Devrimci Tekstil İşçileri Sendikası adına yapılan konuşmada pandemi sürecinde tekstil sektöründe işçilerin durumu aktarılarak “Saldırılar karşısında yapmamız gereken tabandan birliğimizi kurup, onurumuza sahip çıkmaktır. Patronlar pandemiyi fırsata çevirirken biz dişe diş mücadele etmeli, örgütlü davranmak zorundayız. Aksi takdirde bedeller ödenerek kazandığımız haklarımız bir bir elimizden gidecek” denildi.

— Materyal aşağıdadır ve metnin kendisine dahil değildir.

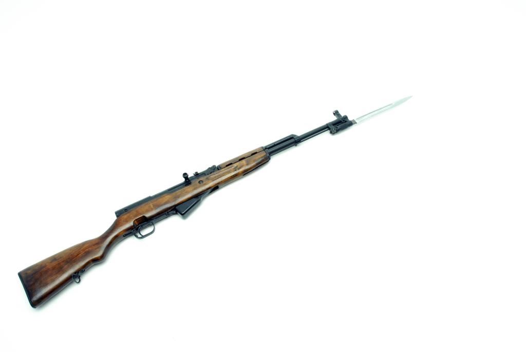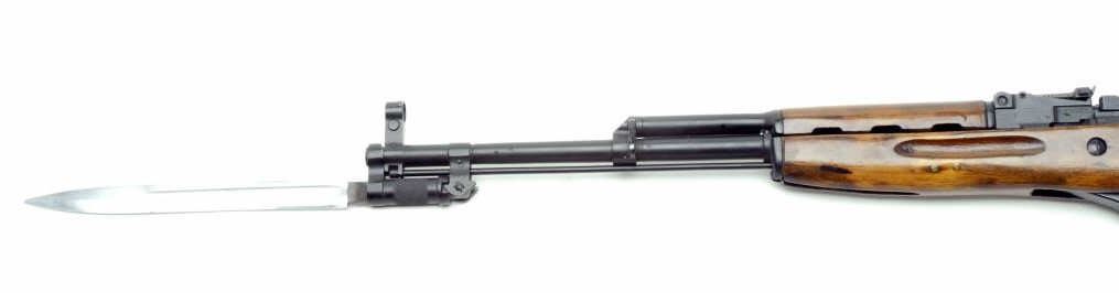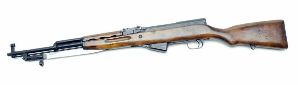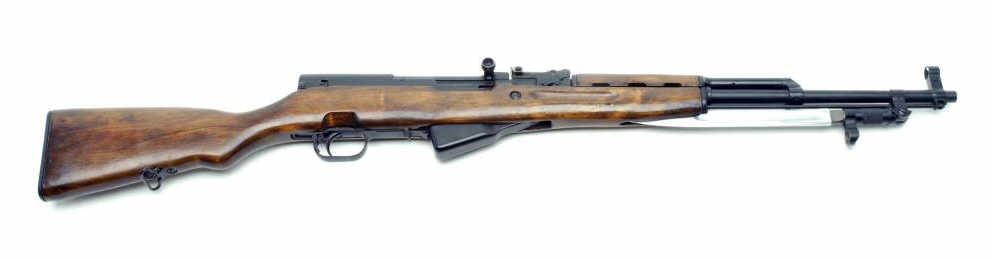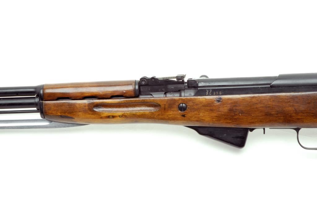 Russian SKS semi-automatic rifle, import-marked, .7.62 x 39mm caliber, 20” barrel, S/N 0916, black finish, folding bayonet, wood stock in overall very good condition showing the majority of its military finish, very good to fine bore, crispaction, very good wood stock. (Modern). Est.: $300-$600.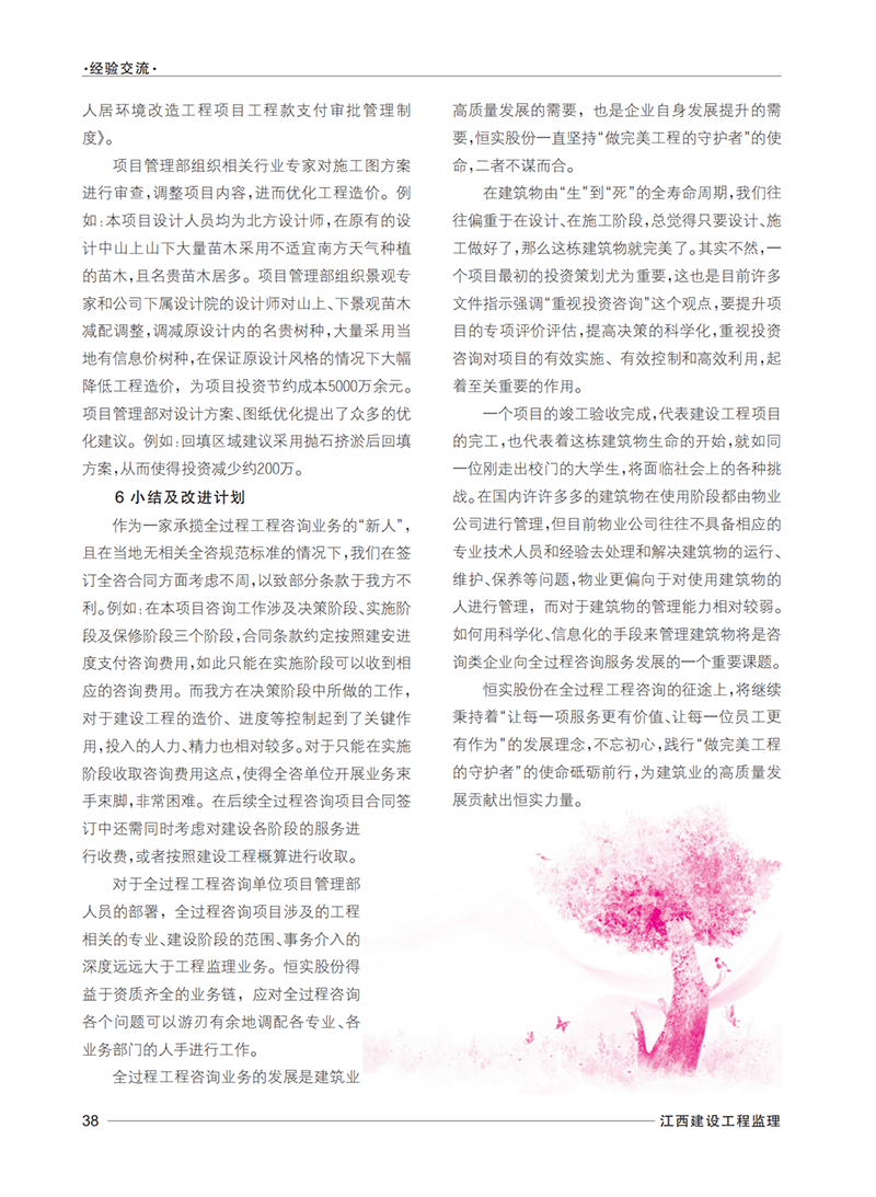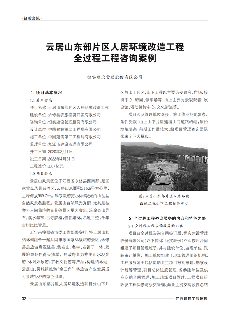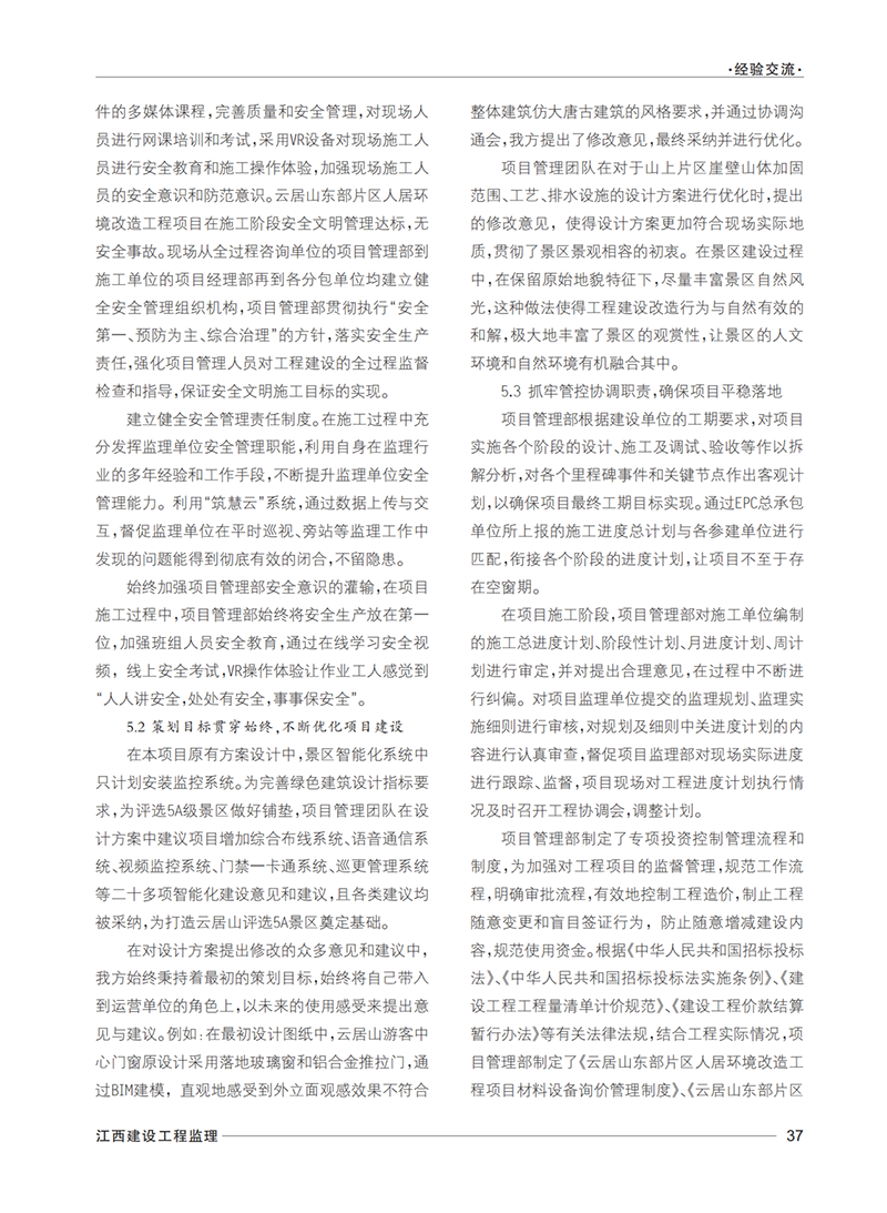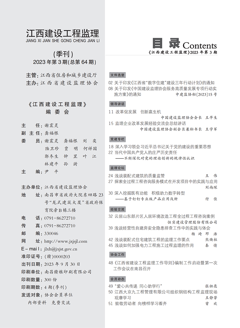2023年度在省建设监理协会党支部的关心指导下,《江西建设工程监理》编刊办刊工作始终坚持以习近平新时代中国特色社会主义思想为指导,全面贯彻落实党的二十大精神,在宣传党的方针政策,行业发展研究、专业理论与经验交流、优秀企业与从业人员等方面发挥了重要的窗口作用,营造了良好的学习和宣传氛围,涌现出一批好稿力作。公司《云居山东部片区人居环境改造工程全过程工程咨询案例》刊登在“经验交流”栏目中作为全过程工程咨询项目的典型案例重点推介。

İnşaat İşçileri Sendikası adına yapılan konuşmada “Resmi rakamlara göre 2.5 milyon işçi ücretsiz izne çıkarıldı. Sinbo işçilerinin ücretsiz izin saldırısına karşı buradaki direnişleri önemli bir yerde durmakta” denildi. Konuşmanın devamında pandemi sürecinde inşaat sektöründe yaşananlara değinerek şartların ağırlığına dikkat çekildi ve direniş selamlandı.
Ardından koronavirüs testi pozitif çıktığı için karantinada olan TOMİS Başkanı Dilbirin Acar telefonla bağlanarak direnişi selamladı. Covid-19’un işçi sınıfı hastalığı olduğunu ancak buna karşı mücadele eden Sinbo işçilerinin direnişinin önemli olduğunu ifade ederek “TOMİS direniş alanlarında kuruldu, direniş çadırlarında mücadele etmeye devam edecek” dedi.
“Bu atmosferi dağıtacak olan bilinçli, örgütlü, devrimci işçilerdir”
Yapılan bir başka konuşmada ise gerçek anlamda hiçbir önlem alınmadığı için fabrikalar salgının merkezi durumuna geldiği ifade edildi. Konuşmada şunlar ifade edildi:
“Çabaları, sermayenin yaşadığı krizi daha rahat aktarmak ve on yıllardır geçirmeye çalıştıkları saldırıları pandemi vesilesiyle hayata geçirme çabalarıdır. Ses çıkaran işçiler ise ücretsiz izin saldırısı ile cezalandırılmak istendi. Buradaki sınıfsal tavra karşı işçi sınıfı örgütlü bir sınıf olarak çıkmadığı sürece bu saldırılarla kaşı karşıya kalacağız. Yaratılan korku atmosferini dağıtmak zorundayız. Bu atmosferi dağıtacak olan bilinçli, örgütlü, devrimci işçilerdir. İşçi sınıfının devrimcilerle bütünleşmesiyle mümkün olacaktır.”
25 Kasım Kadına Yönelik Şiddetle Mücadele Günü’nde de direniş çadırında yapılacak programa çağrı yapılarak forum sona erdi.